PROVIDED ENTRIES Block Start

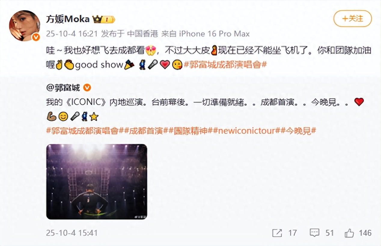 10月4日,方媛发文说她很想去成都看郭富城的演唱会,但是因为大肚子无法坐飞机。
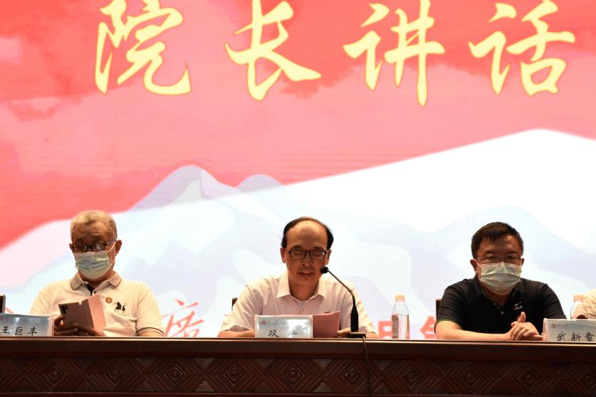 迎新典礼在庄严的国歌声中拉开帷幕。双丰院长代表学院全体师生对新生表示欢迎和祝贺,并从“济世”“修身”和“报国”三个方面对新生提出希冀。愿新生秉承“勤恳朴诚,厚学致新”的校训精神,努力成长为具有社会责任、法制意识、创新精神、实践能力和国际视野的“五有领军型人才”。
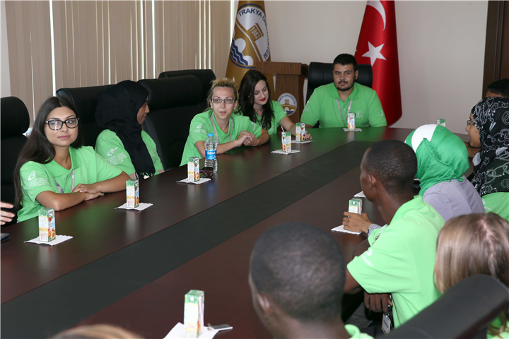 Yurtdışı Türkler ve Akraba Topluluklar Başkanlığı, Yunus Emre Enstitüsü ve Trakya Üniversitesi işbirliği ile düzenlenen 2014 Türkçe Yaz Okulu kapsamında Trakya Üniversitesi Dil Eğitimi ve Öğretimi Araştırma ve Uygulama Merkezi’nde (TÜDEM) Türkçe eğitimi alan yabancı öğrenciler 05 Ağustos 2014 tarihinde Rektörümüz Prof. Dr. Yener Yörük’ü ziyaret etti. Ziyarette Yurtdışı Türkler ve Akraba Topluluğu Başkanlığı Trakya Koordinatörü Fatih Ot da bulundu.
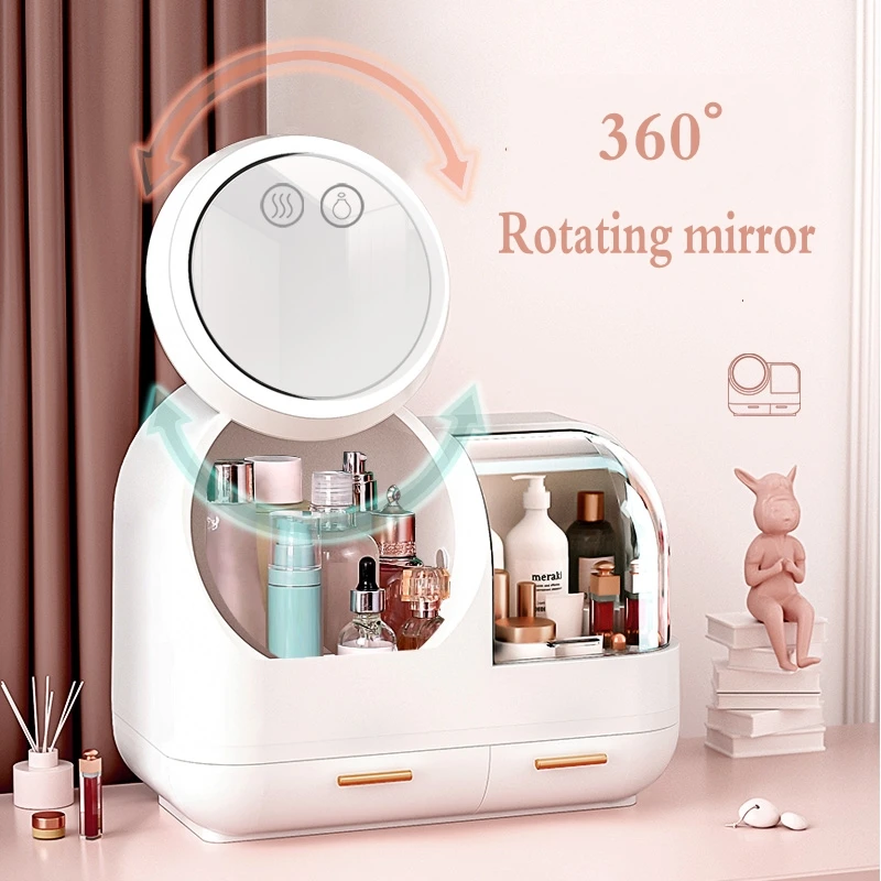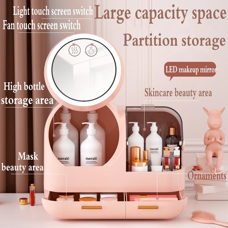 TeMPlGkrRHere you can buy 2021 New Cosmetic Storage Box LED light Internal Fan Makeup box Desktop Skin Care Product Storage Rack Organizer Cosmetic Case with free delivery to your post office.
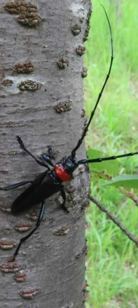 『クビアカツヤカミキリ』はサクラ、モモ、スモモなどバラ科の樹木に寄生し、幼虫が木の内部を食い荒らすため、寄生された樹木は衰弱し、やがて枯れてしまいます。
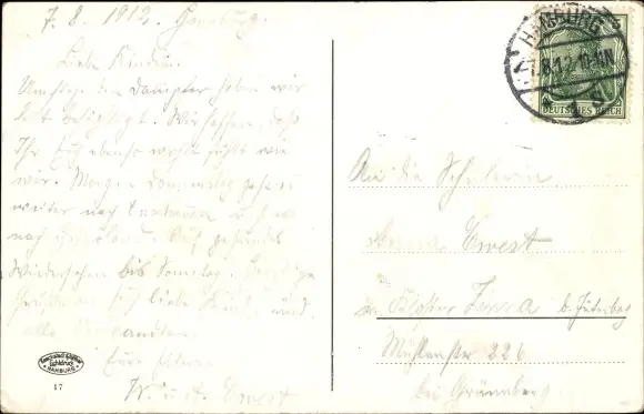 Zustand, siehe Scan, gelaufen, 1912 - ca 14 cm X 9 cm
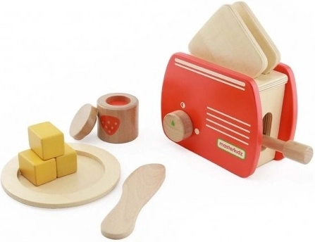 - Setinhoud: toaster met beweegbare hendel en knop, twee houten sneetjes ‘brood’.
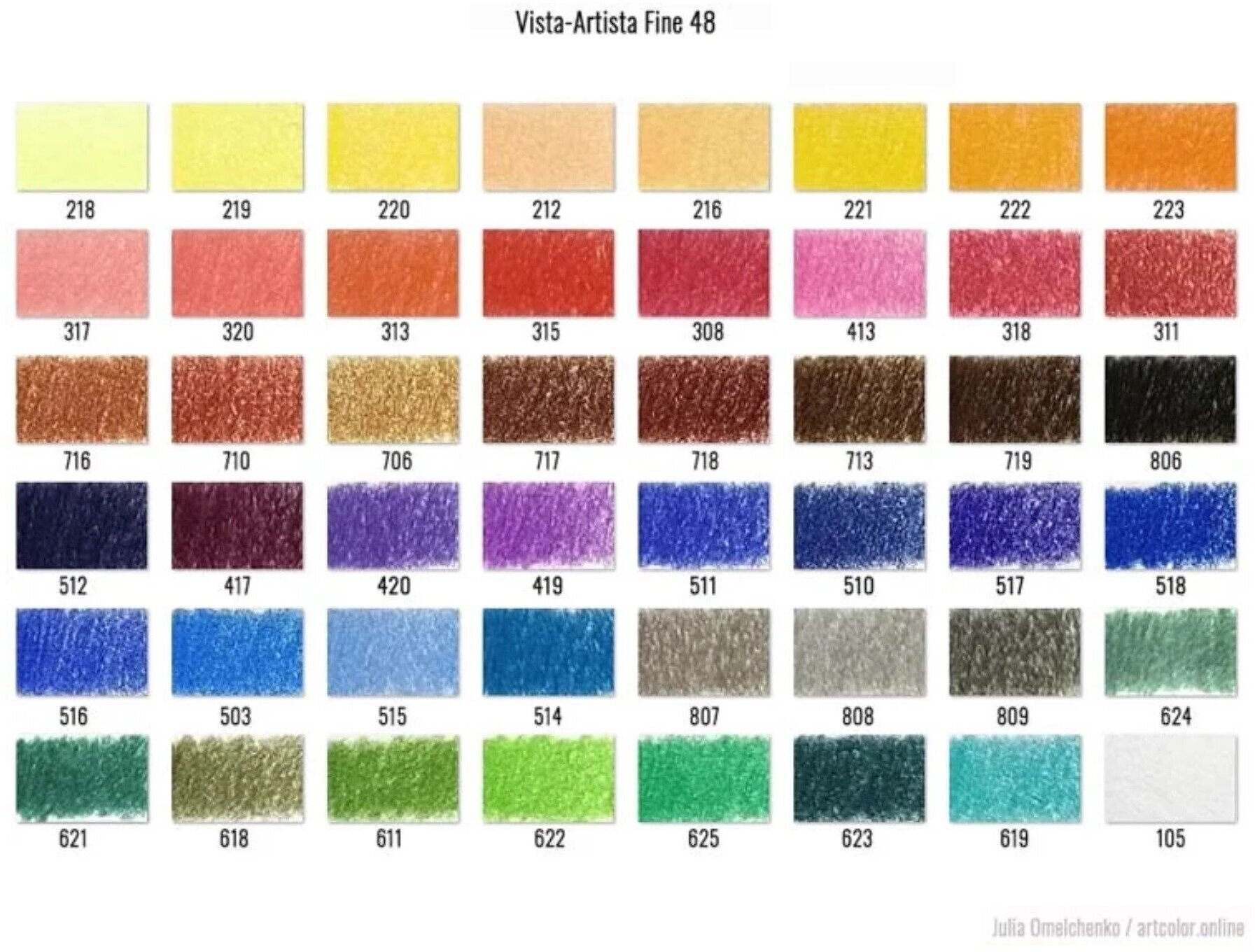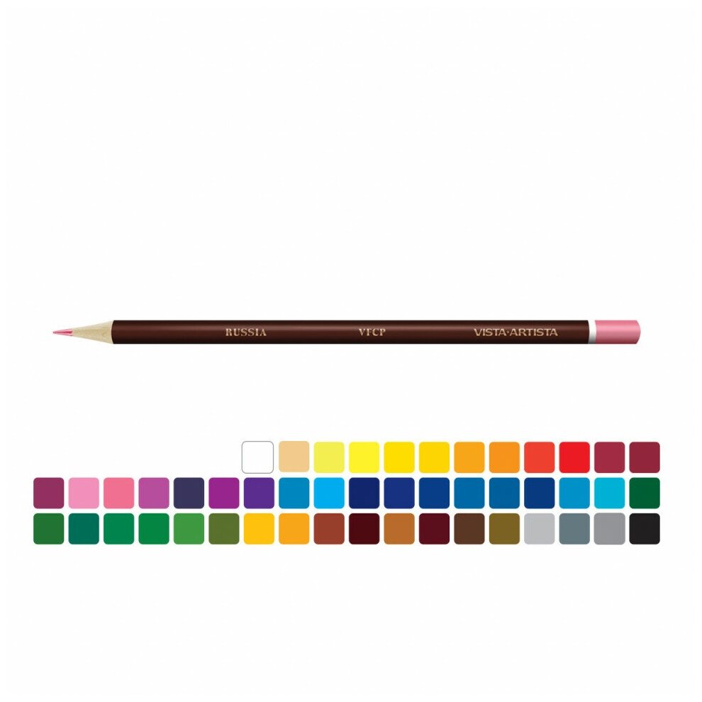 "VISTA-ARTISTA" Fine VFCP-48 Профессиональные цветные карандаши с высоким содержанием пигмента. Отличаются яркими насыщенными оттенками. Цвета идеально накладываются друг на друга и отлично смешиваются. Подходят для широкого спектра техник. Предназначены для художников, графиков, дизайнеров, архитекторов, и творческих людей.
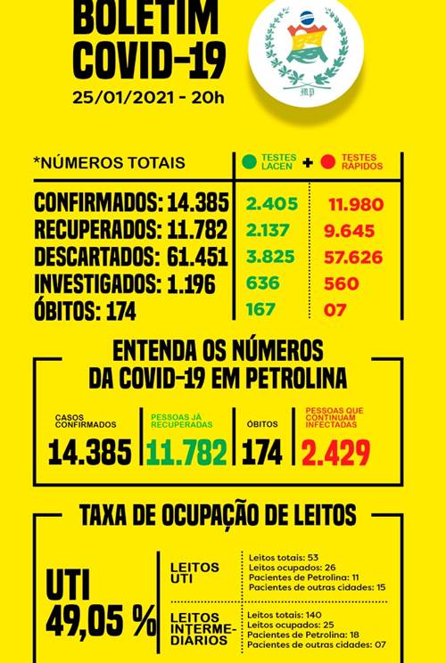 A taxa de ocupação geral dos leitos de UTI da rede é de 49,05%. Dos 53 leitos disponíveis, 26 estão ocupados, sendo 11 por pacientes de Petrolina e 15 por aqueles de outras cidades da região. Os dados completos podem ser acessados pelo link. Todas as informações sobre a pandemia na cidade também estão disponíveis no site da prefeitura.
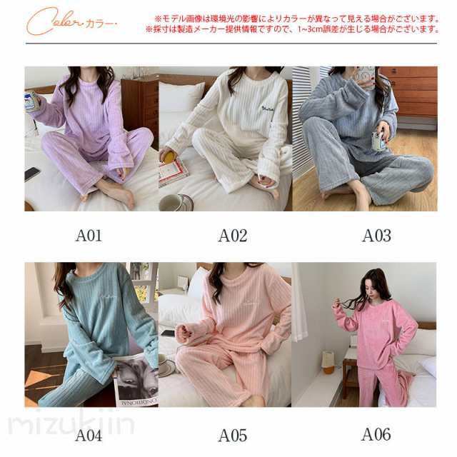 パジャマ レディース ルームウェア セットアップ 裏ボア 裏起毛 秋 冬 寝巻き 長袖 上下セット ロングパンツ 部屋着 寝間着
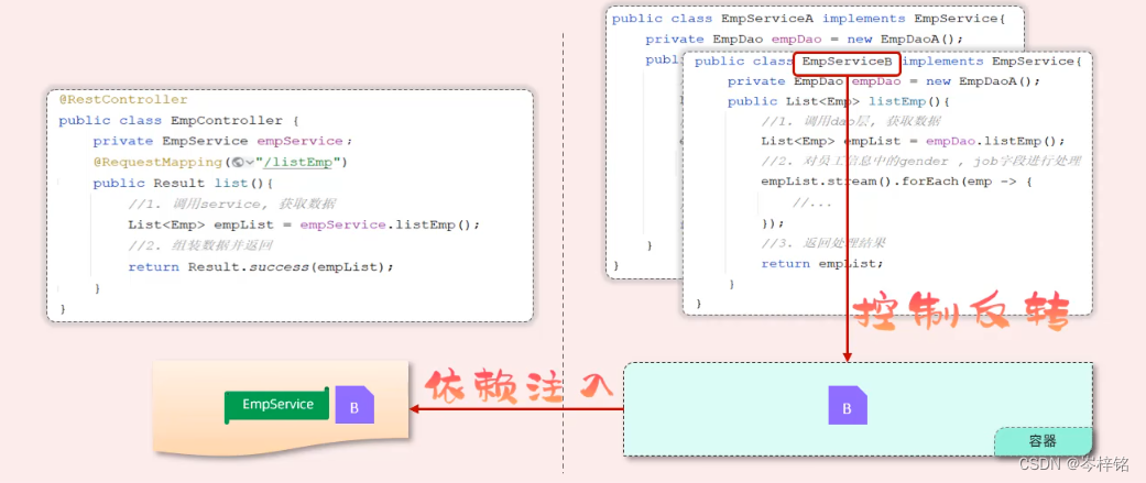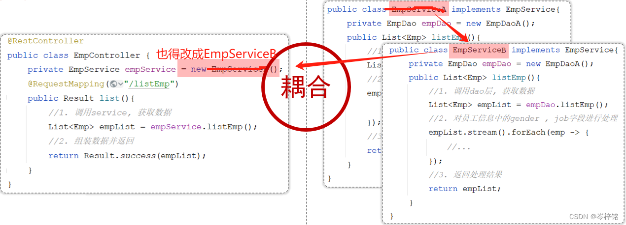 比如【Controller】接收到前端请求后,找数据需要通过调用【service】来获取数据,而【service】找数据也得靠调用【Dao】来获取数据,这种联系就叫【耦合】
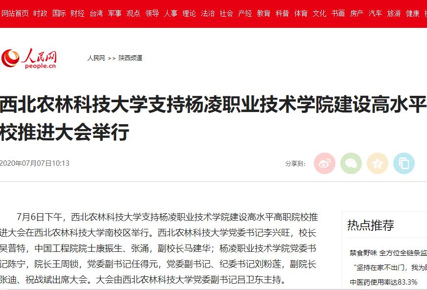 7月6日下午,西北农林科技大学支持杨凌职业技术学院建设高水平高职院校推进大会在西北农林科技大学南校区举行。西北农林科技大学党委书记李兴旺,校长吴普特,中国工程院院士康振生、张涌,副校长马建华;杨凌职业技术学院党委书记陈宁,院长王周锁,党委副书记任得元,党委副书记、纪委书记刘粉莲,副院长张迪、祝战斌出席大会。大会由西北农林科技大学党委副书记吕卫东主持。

PROVIDED ENTRIES Block End

> _WHAT IS REQUIRED_
Take the material above and output only the lines from the one that contains "Zustand, siehe Scan, gelaufen, 1912" through the one that contains "比如【Controller】", ends included and images left out.

> _RESULT FOR THIS TASK_
 Zustand, siehe Scan, gelaufen, 1912 - ca 14 cm X 9 cm
 - Setinhoud: toaster met beweegbare hendel en knop, twee houten sneetjes ‘brood’.
 "VISTA-ARTISTA" Fine VFCP-48 Профессиональные цветные карандаши с высоким содержанием пигмента. Отличаются яркими насыщенными оттенками. Цвета идеально накладываются друг на друга и отлично смешиваются. Подходят для широкого спектра техник. Предназначены для художников, графиков, дизайнеров, архитекторов, и творческих людей.
 A taxa de ocupação geral dos leitos de UTI da rede é de 49,05%. Dos 53 leitos disponíveis, 26 estão ocupados, sendo 11 por pacientes de Petrolina e 15 por aqueles de outras cidades da região. Os dados completos podem ser acessados pelo link. Todas as informações sobre a pandemia na cidade também estão disponíveis no site da prefeitura.
 パジャマ レディース ルームウェア セットアップ 裏ボア 裏起毛 秋 冬 寝巻き 長袖 上下セット ロングパンツ 部屋着 寝間着
 比如【Controller】接收到前端请求后,找数据需要通过调用【service】来获取数据,而【service】找数据也得靠调用【Dao】来获取数据,这种联系就叫【耦合】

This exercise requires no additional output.